Harshad Chetanwala, Co-founder, MyWealthGrowth – a financial planning firm says, “There are a few reasons why the scheme did not receive the response expected. Investing and saving in gold is very traditional in India and in some parts of the country it is like culture. There was a lack of willingness to monetise this gold which was accumulated over years. As per the scheme, this gold was getting converted into bullion and coins, so the accumulated gold bought over the years in different shapes and forms is lost as soon as you deposit the gold. There was a lack of awareness and information about the scheme as well. In India, most of us buy gold to hold it for the long term and this purpose too, somewhere, was getting defeated in the scheme.”

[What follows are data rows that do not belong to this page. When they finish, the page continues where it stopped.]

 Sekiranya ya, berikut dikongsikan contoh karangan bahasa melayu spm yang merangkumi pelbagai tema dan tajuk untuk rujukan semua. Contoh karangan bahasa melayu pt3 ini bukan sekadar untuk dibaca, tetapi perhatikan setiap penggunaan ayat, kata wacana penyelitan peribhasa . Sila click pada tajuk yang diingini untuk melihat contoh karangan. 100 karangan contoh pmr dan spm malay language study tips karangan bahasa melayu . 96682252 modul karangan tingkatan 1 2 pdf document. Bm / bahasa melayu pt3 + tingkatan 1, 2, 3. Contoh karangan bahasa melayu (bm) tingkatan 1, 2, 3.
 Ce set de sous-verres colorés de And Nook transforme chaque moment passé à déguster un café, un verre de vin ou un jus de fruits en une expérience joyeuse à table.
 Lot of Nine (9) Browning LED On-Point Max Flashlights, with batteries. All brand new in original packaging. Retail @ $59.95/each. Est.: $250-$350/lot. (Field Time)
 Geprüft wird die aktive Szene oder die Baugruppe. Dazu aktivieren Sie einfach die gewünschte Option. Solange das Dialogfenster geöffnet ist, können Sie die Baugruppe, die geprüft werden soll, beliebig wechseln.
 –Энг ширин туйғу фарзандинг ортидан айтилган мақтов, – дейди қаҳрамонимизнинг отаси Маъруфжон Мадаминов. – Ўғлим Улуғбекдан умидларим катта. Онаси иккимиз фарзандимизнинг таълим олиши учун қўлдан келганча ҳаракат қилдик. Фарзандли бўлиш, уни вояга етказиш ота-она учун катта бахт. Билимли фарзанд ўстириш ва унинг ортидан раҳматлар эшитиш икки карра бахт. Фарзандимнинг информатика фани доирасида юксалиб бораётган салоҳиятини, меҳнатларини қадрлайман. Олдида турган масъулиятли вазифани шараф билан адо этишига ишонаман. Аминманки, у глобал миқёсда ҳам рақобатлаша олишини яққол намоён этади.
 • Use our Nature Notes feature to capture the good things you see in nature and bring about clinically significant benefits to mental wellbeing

Will depositing gold in GMS suit you?

For the above reason, someone who has bought and stored gold jewellery for future use, like children’s wedding etc. may be hesitant to invest in GMS. Further, if someone is keeping gold as a quick easily liquefiable monetary backup for a rainy day, then too, they may not view GMS as very suitable.

However, those buying gold purely as an investment may find GMS of interest. A key challenge with physical gold is safe and cost-effective storage. While gold’s value surely grows, storing it physically in bank lockers comes at an additional cost. Also, gold kept in lockers is not insured by the bank offering the locker.

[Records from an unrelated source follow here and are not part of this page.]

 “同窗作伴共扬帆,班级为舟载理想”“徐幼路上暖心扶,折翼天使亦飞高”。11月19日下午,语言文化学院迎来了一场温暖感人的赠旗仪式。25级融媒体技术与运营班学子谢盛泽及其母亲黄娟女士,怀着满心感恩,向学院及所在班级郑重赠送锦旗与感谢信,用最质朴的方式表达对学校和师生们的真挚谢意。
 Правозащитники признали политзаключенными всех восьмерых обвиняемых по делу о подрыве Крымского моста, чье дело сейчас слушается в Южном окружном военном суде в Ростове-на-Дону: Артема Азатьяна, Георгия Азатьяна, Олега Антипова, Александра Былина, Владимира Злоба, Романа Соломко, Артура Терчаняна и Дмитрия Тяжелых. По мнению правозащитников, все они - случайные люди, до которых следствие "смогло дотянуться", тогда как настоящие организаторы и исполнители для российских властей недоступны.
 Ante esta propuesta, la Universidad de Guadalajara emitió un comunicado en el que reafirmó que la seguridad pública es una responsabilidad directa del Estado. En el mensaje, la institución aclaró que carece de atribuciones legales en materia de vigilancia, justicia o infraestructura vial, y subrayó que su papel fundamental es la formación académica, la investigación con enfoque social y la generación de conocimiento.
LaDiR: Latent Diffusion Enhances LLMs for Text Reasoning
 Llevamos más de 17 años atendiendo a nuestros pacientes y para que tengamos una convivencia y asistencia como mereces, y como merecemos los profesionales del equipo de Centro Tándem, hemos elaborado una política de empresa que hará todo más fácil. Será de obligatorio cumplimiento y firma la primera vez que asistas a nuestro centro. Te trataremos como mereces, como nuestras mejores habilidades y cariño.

Some financial experts are of the view that GMS is a safer option for storing gold (in terms of the risk of theft/loss) which comes with the added benefit of earning interest on the deposit. Added to this, there is the tax advantage.

Features of the scheme

According to the State Bank of India’s (SBI) website, GMS is available in three tenures: Short Term Bank Deposit (STBD), Medium term Government Deposit (MTGD) and Long term Government Deposit (LTGD). The minimum deposit of gold starts from 10 grams with no limit on the maximum deposit.

Under STBD, one can place gold deposits for 1 to 3 years, under MTGD, deposits can be placed for 5 to 7 years and under LTGD, the tenure is 12 to 15 years. As per SBI website, the current interest rates are as follows:

The depositor will earn simple interest annually which is paid out or cumulative interest (Compounding annually) depending on the investment option chosen at the time of depositing the gold.

1. In case of STBD:

  • For 1 year: 0.50% per annum
  • Above 1 year up to 2 years: 0.55% per annum
  • Above 2 years up to 3 years: 0.60% per annum

2. Rate of interest on MTGD: 2.25% per annum

3. Rate of interest on LTGD: 2.50% per annum

On maturity, repayment can be taken either in gold or in money equivalent. “However, 0.20% as administrative charges will be levied in case of redemption in gold,” as per SBI website.

Penalty is applicable if the deposit is broken before the maturity. The rules of premature payment are as follows:

  • STBD: Allowed after a lock-in period of 1 year with a penalty on applicable interest rate
  • MTGD: Allowed to be withdraw any time after 3 years with penalty on interest
  • LTGD: Allowed to be withdraw any time after 5 years with penalty on interest

Interest earned is exempt from capital gains tax, wealth tax and income tax. The RBI designated banks include ICICI Bank, Corporation Bank, Union Bank of India, Indian Overseas Bank, Punjab National Bank, State Bank of India, HDFC Bank, Yes Bank, Dena Bank, -Bank of Baroda.

However, do keep in mind that interest on gold deposits will be calculated in monetary terms rather than in terms of gold. This would mean that no additional gold will be added to your deposits rather you would be paid in monetary terms with reference to the value of gold at the time of deposit. This change in interest calculation has been done in April 2021.